Marseille-Provence 2013 Capitale européenne de la culture constitue un défi historique. Boris Grésillon témoigne ici de cette formidable aventure pour nous permettre de comprendre et d'analyser ce projet culturel, ses acteurs et ses lieux, ses enjeux et les défis qu'il représente.
Bonne année à tous !
2013, justement, qui voit Marseille devenir Capitale Européenne de la Culture. Quoi, Marseille, cette cité phocéenne de 2600 ans, qui fut une ville-sans-nom pendant la Révolution, avec son environnement populaire (sous-entendu : "la populace"), sa saleté, ses syndicalistes, son Ohème, sa violence, ses immigrés, sa pègre, sa corruption, son Pastis, sa peste de 1720, ses canons tournés vers elle-même par le Roi Soleil... Marseille, donc, désormais Capitale Européenne de la Culture ??? Mais où va t-on, ma bonne dame ? Et pourquoi pas accueillir la Coupe du Monde de football à Châteauvieux-les-Fossés (plus petite commune de France avec ses 7 habitants) ??? La Culture (entendez : la "culture classique", celle des belles oeuvres de l'Europe du Nord, de l'Occident) n'est-elle pas l'apanage des riches ???
Plus sérieusement, Boris Grésillon propose un travail universitaire de grande qualité, rehaussé par les interventions passionnantes de Jean Viard (sociologue), Jacques Pfister (président de la Chambre de commerce et d’industrie) ou encore Bernard Latarjet (instigateur et programmateur du projet). L'auteur est objectif, pointe les points faibles (Marseille, ville pauvre et sous équipée culturellement, ne pouvait se passer de cités plus riches et rodées telles Aix-en-Provence ou Arles) comme les points forts (le potentiel culturel de la ville est immense - quelle histoire ! -, ne reste qu'à savoir l'exploiter) et retrace l'historique des Capitales de la Cultures - dont le modèle le plus souvent cité demeure Lille (alors qu'on a bien vite oublié Avignon et Paris) - et le champ des possibles qui s'ouvre enfin avec Marseille Provence 2013.
Car gagner ne suffit pas.
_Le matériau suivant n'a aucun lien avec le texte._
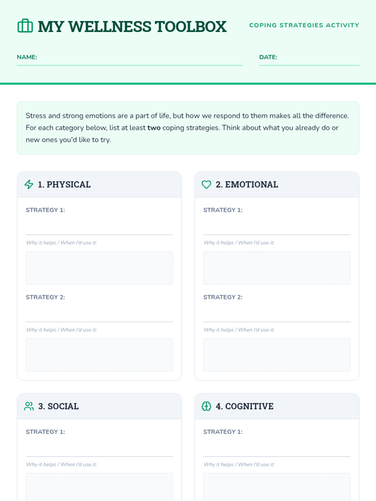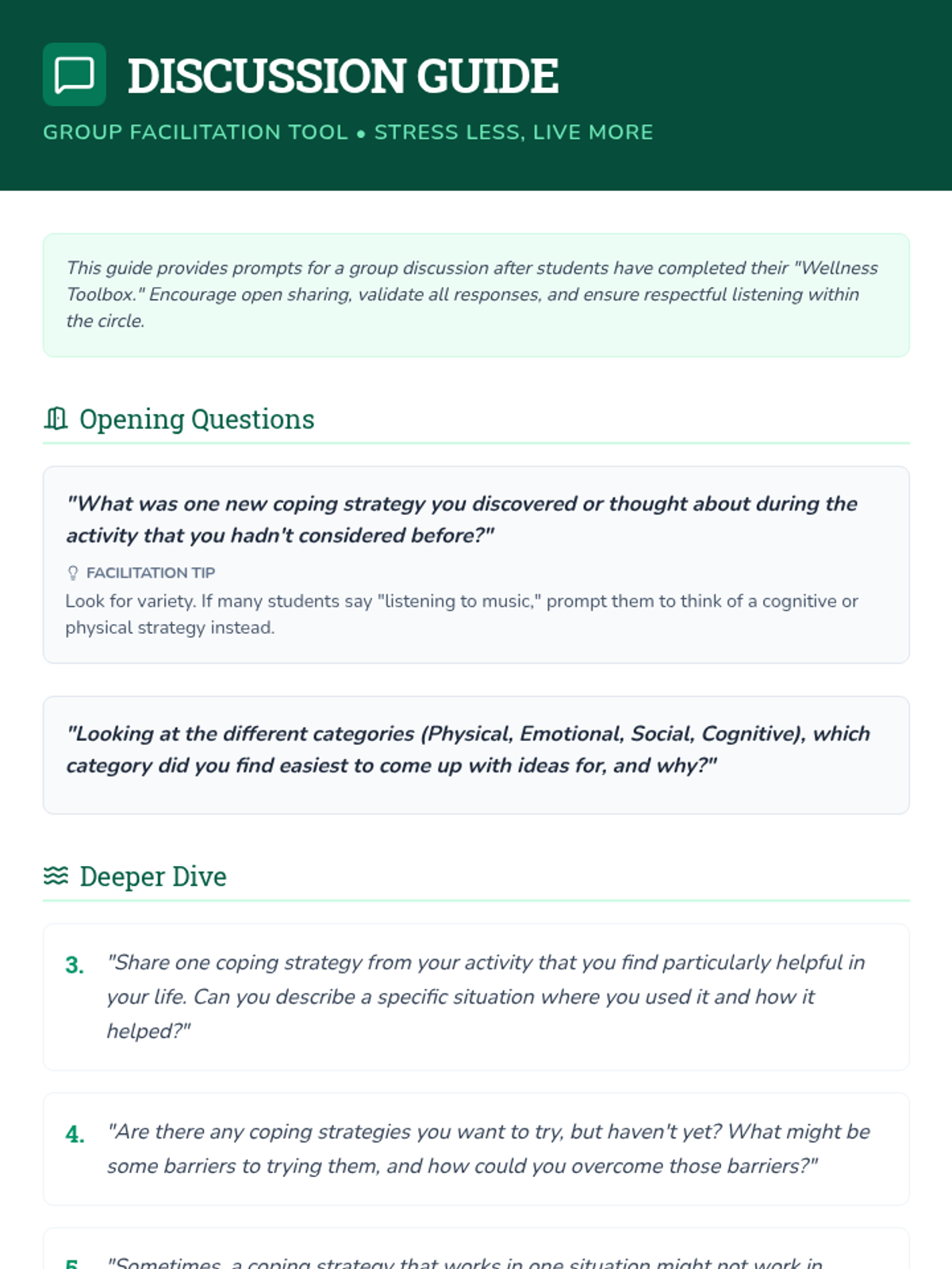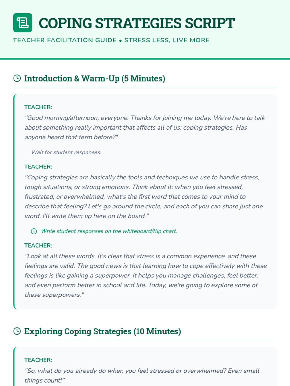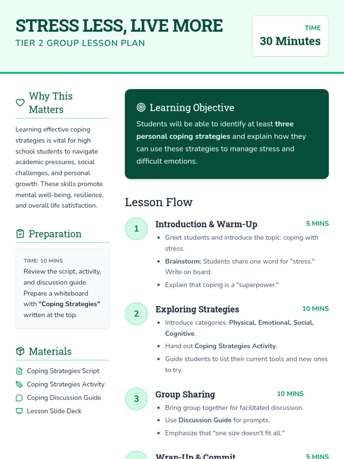 A 30-minute Tier 2 group lesson for high school students focused on identifying and practicing physical, emotional, social, and cognitive coping strategies for stress.
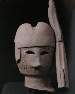 埴輪,為日本特有的器物。埴輪放置在古墳封土表面,即為前方后圓墳中“方”的地方。埴輪分為筒形埴輪,來源于陶器;還有形象埴輪,細(xì)分為器物和人物。埴輪來源于中國(guó)古代墓室中陪葬的陶俑,或古代帝陵神道上的石獸石人。某些埴輪人物有文面,并填墨(圖十六),推測(cè)當(dāng)時(shí)的日本出現(xiàn)了文面現(xiàn)象。
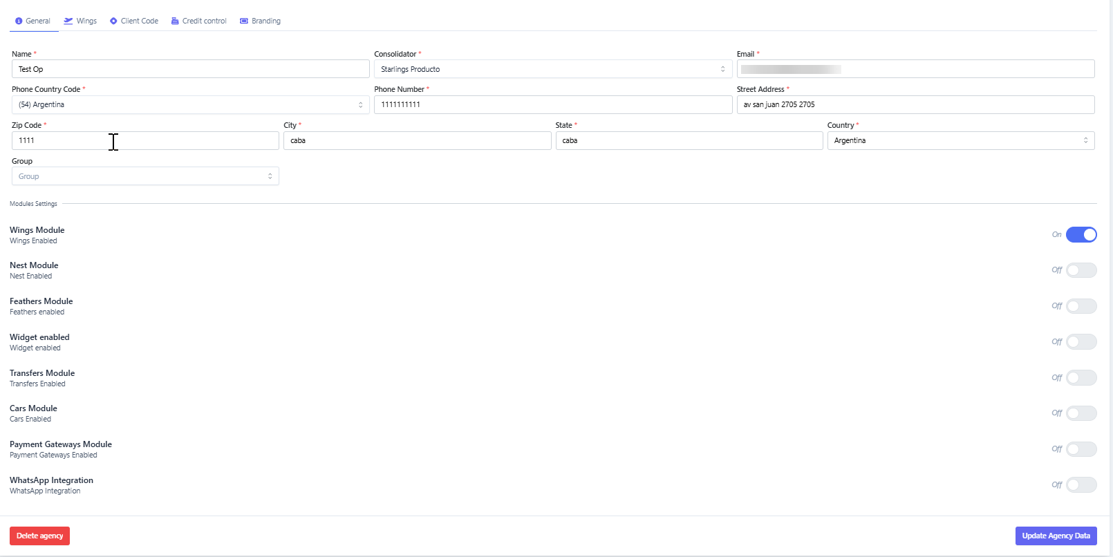 ➡️ Una vez completados los datos, hacer clic en “Update agency data”.
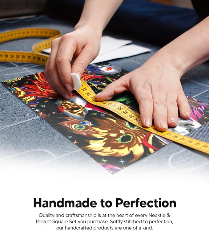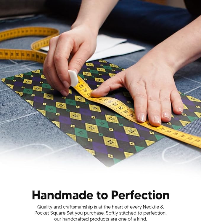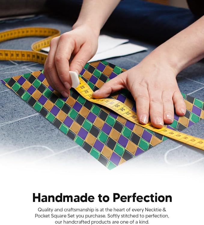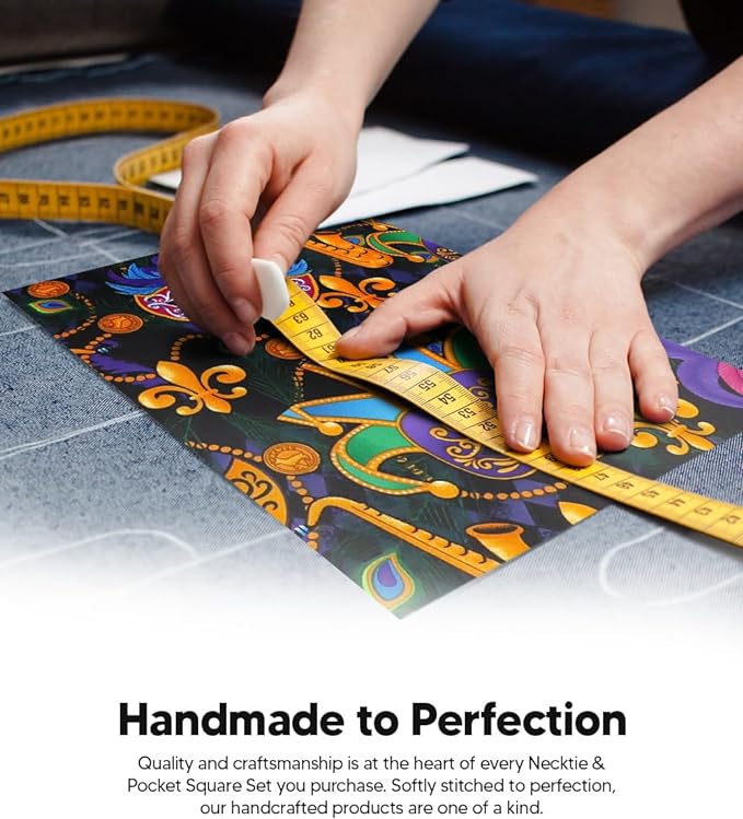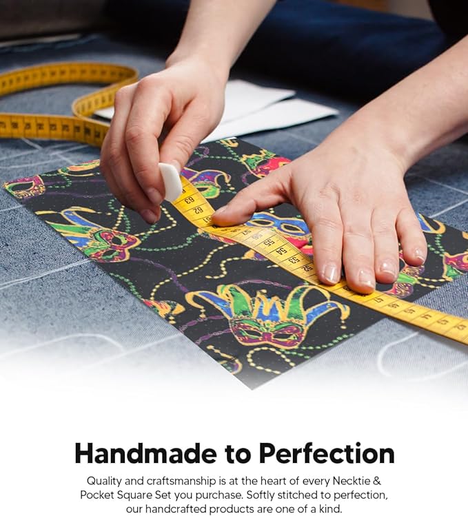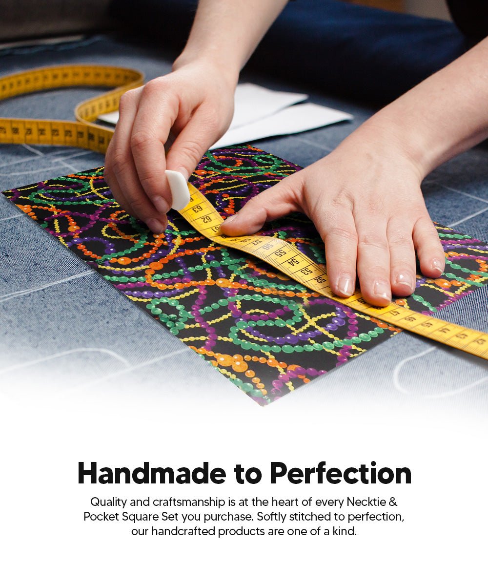 Bring some class and creativity to your wardrobe with this one-of-a-kind Vittorio Farina Custom Collection necktie and pocket handkerchief set. Made out of woven satin, this elegant set features a unique Mardi Gras design, giving it the perfect balance of both exclusiveness and style. This beautiful necktie is custom made with an nice metal plate sewn on the tie keeper and embossed tipping. An excellent choice for any well dressed man who wants to stop the traffic!
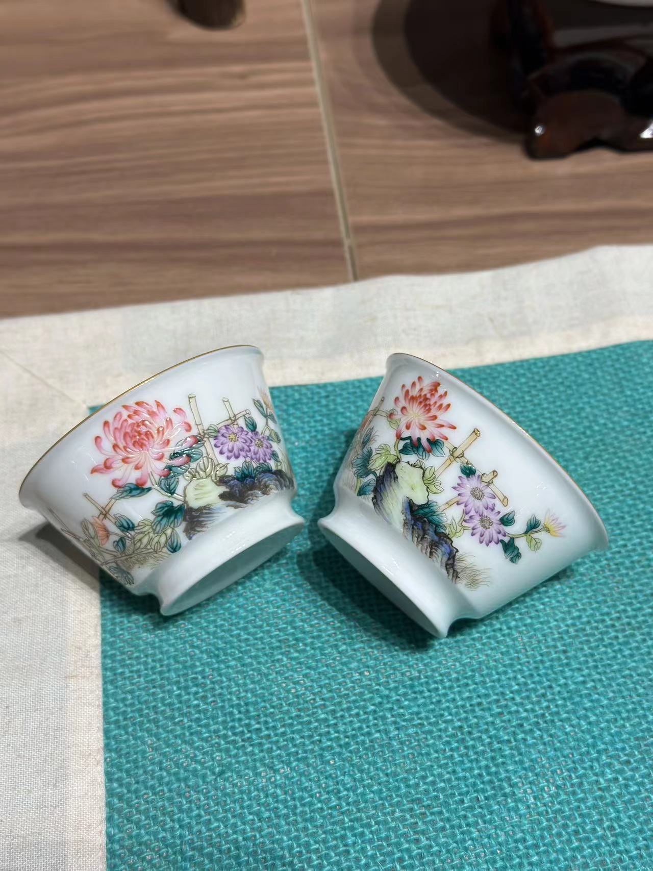 景德镇陶瓷 国瓷红叶 成化套组杯琴棋书画

Quand Marseille se lance dans la bataille, c'est aussi parce que la ville a perdu - injustement - l'organisation de la coupe de l'America. De cette défaite (Marseille a grand besoin d'évènements populaires et fédérateurs et le foot ne suffit bien évidemment pas) né le désir de la victoire même si certains avancent le fait que, justement, on ne gagne pas le titre de Capitale Européenne de la Culture : on le devient. D'où la réflexion de Latarjet après la victoire : "On a gagné. C'est le début des emmerdes".
Mais croire que Marseille partait les bras croisé serait une erreur. Car la ville a gagné - à l'unanimité - son titre face à Lyon, Toulouse et Bordeaux. Des poids lourds, certes, mais aux candidatures peut-être plus classiques, plus mécaniques... Le comité voulait quelque chose de nouveau, un pari culturel, une ville à laquelle le titre bénéficierait comme jamais... Marseille surprend. L'un des arguments qui ressort des divers entretiens contenus dans l'ouvrage consiste à expliquer que la candidature de MP 2013 a transformé des défauts en qualités. Marseille est pauvre ? Le titre lui donnera la chance de gagner 10 ans de développement (dans tous les domaines). Marseille est sous-équipée ? La candidature marseillaise, si elle gagne, proposera un équipement dont l'ensemble sera unique en Europe. Marseille est isolée ? Alors, la Provence viendra la soutenir (un grand pas vers la métropole). Et une telle candidature requiert des soutiens concrets, de véritables engagements et pas des "promesses de campagne". Résultat : si la machine a mis du temps à se mettre en marche (le temps de réunir l'argent et mettre à peu près tout le monde d'accord), si des retards ont été pris (même si des locomotives culturelles comme le MuCEM, le FRAC, le Château Borély ou le Palais Longchamp ne seront accessibles qu'en juin, on oublie que la piétonisation du Vieux-Port - un projet qui ne faisait certes pas partie de la candidature mais arrange fortement les affaires des organisateurs qui veulent une ouverture en janvier 2013 populaire et festive - a pris 8 mois au lieu des 12 prévus...), si la communication s'est sérieusement engagée dans les dernières semaines (non pas par négligence mais de manière ce que le soufflé ne retombe pas d'ici le 12 janvier), Marseille Provence 2013 est désormais en ordre de marche. Et si les organisateurs et les acteurs culturels ont fait leur boulot, alors les marseillais seront présents. Et le succès, au rendez-vous.